## EXERCISE REQUIREMENTS:
Could you return all of the records exactly, minus their images?

[Records from a data source]
------------------------

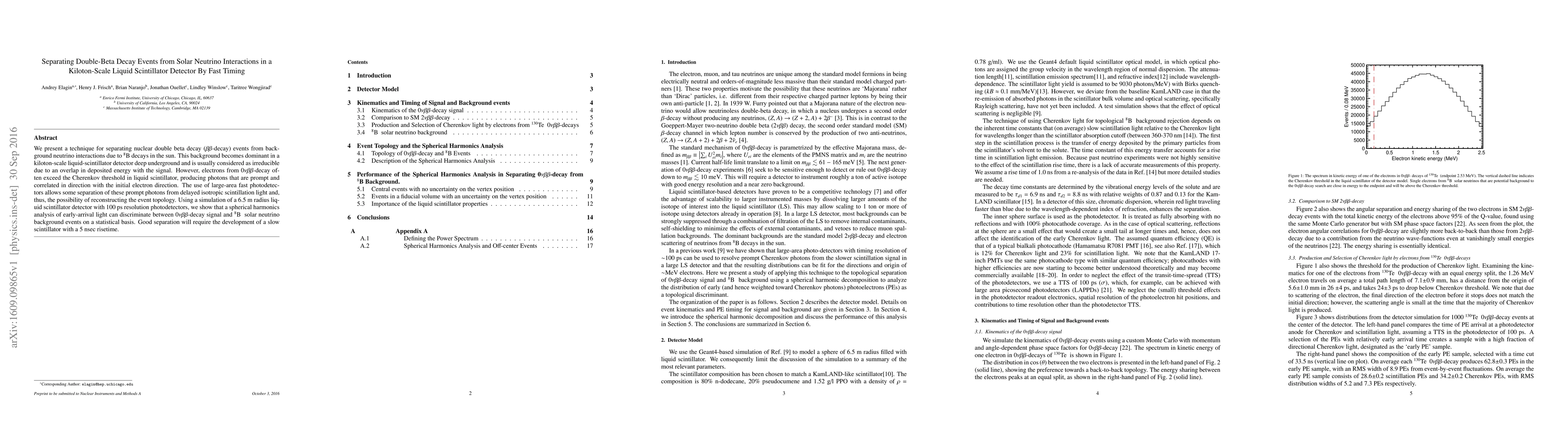 This paper proposes a method to distinguish double-beta decay events from solar neutrino interactions in a kiloton-scale liquid scintillator detector using fast timing and large-area fast photodetectors. The technique relies on the prompt Cherenkov photons from double-beta decay exceeding the threshold, allowing for event topology reconstruction and statistical discrimination against the background.
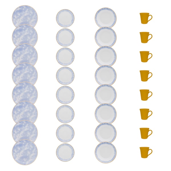 Coup 32 Piece Dinner Set, Service for 8 in Blue and Yellow
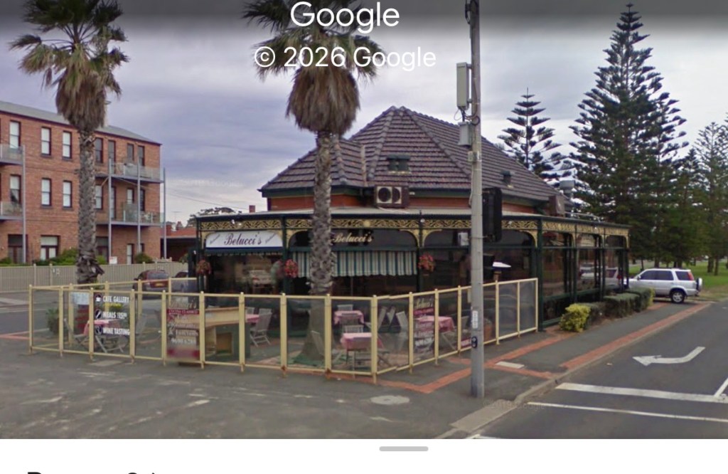By the 50s it was more of a sweet shop/milk bar, and probably round then lost the verandah – which was rebuilt, but longer, probably in 1974 when it became a restaurant, De Marcos. Then the verandah was enclosed with glass walls in 1991, and in the 2000s it was called Belucci’s, with outdoor seating too.
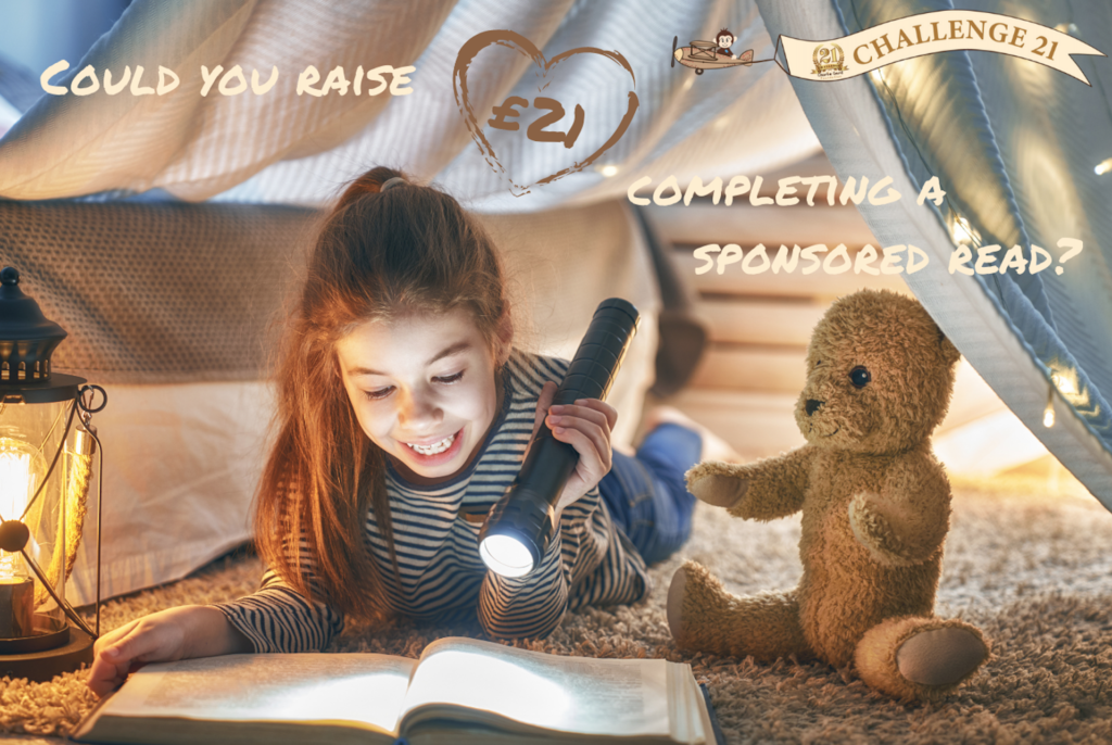 We’re looking for 21 children who would like to take part in a sponsored read! We can send sponsorship forms or help you set up a fundraising page, but all we ask is for children to read as many books as they can in 21 days and see if they can raise £21 for their efforts.
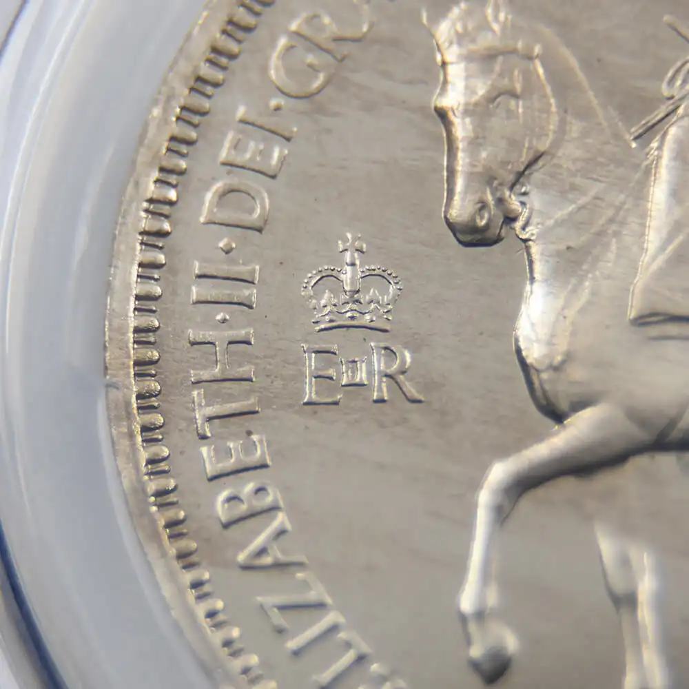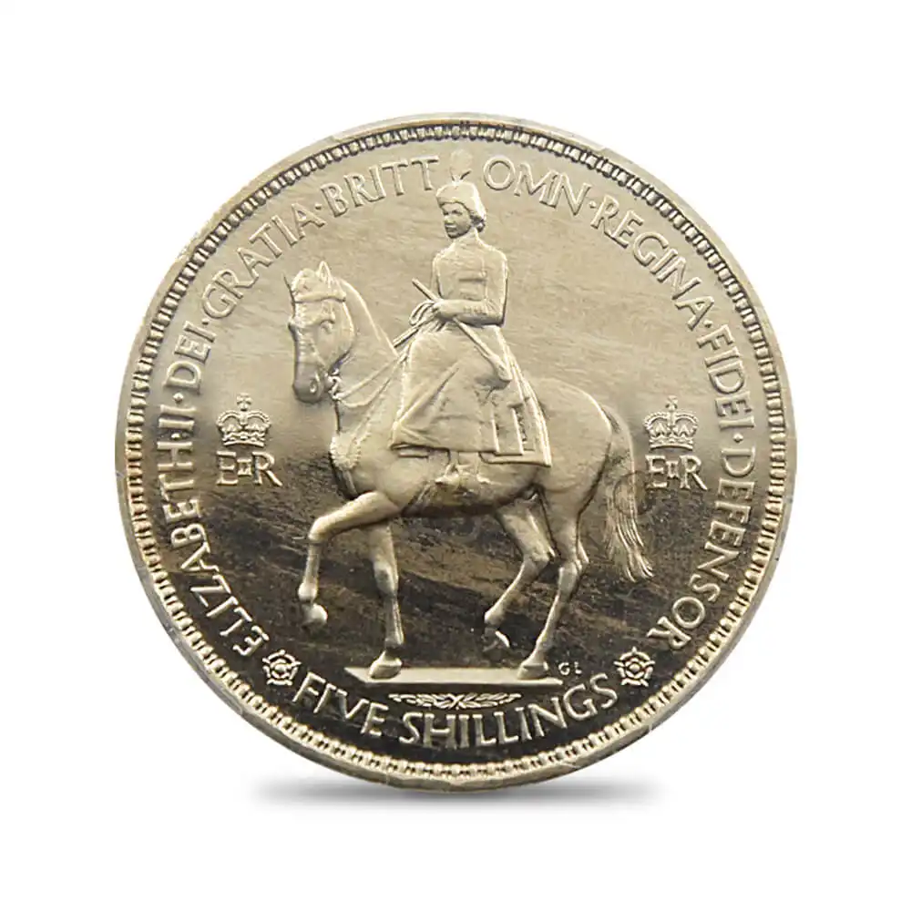 ©トゥルーピング・ザ・カラー式典でのエリザベス2世 1951 pinterest 1953年、エリザベス2世の世紀の戴冠式の年に発行された当5シリング貨は、若き日の女王の気品と今は無き戴冠式当時の古き良き英国の面影をノスタルジックに表現する最も古い時代に属するモダンコインの佳作です。
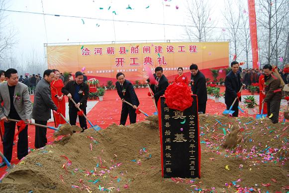 12月3日上午,澮河蘄縣船閘工程開工典禮儀式在蘄縣船閘工地現場隆重舉行。開工儀式在安徽省副省長黃海嵩宣布聲中正式開始。現場禮炮齊鳴,禮花飛舞。出席典禮的領導、嘉賓共同為澮河蘄縣船閘工程開工典禮奠基。安徽省交通廳廳長梅勁主持開工儀式,安徽省港航投資集團總經理李家俊、宿州市委書記吳旭軍參加了儀式并發(fā)表了重要講話。安徽省路港工程有限責任公司作為施工方組隊參加了開工儀式。

------------------------

## SOLUTION:
 This paper proposes a method to distinguish double-beta decay events from solar neutrino interactions in a kiloton-scale liquid scintillator detector using fast timing and large-area fast photodetectors. The technique relies on the prompt Cherenkov photons from double-beta decay exceeding the threshold, allowing for event topology reconstruction and statistical discrimination against the background.
 Coup 32 Piece Dinner Set, Service for 8 in Blue and Yellow
By the 50s it was more of a sweet shop/milk bar, and probably round then lost the verandah – which was rebuilt, but longer, probably in 1974 when it became a restaurant, De Marcos. Then the verandah was enclosed with glass walls in 1991, and in the 2000s it was called Belucci’s, with outdoor seating too.
 We’re looking for 21 children who would like to take part in a sponsored read! We can send sponsorship forms or help you set up a fundraising page, but all we ask is for children to read as many books as they can in 21 days and see if they can raise £21 for their efforts.
 ©トゥルーピング・ザ・カラー式典でのエリザベス2世 1951 pinterest 1953年、エリザベス2世の世紀の戴冠式の年に発行された当5シリング貨は、若き日の女王の気品と今は無き戴冠式当時の古き良き英国の面影をノスタルジックに表現する最も古い時代に属するモダンコインの佳作です。
 12月3日上午,澮河蘄縣船閘工程開工典禮儀式在蘄縣船閘工地現場隆重舉行。開工儀式在安徽省副省長黃海嵩宣布聲中正式開始。現場禮炮齊鳴,禮花飛舞。出席典禮的領導、嘉賓共同為澮河蘄縣船閘工程開工典禮奠基。安徽省交通廳廳長梅勁主持開工儀式,安徽省港航投資集團總經理李家俊、宿州市委書記吳旭軍參加了儀式并發(fā)表了重要講話。安徽省路港工程有限責任公司作為施工方組隊參加了開工儀式。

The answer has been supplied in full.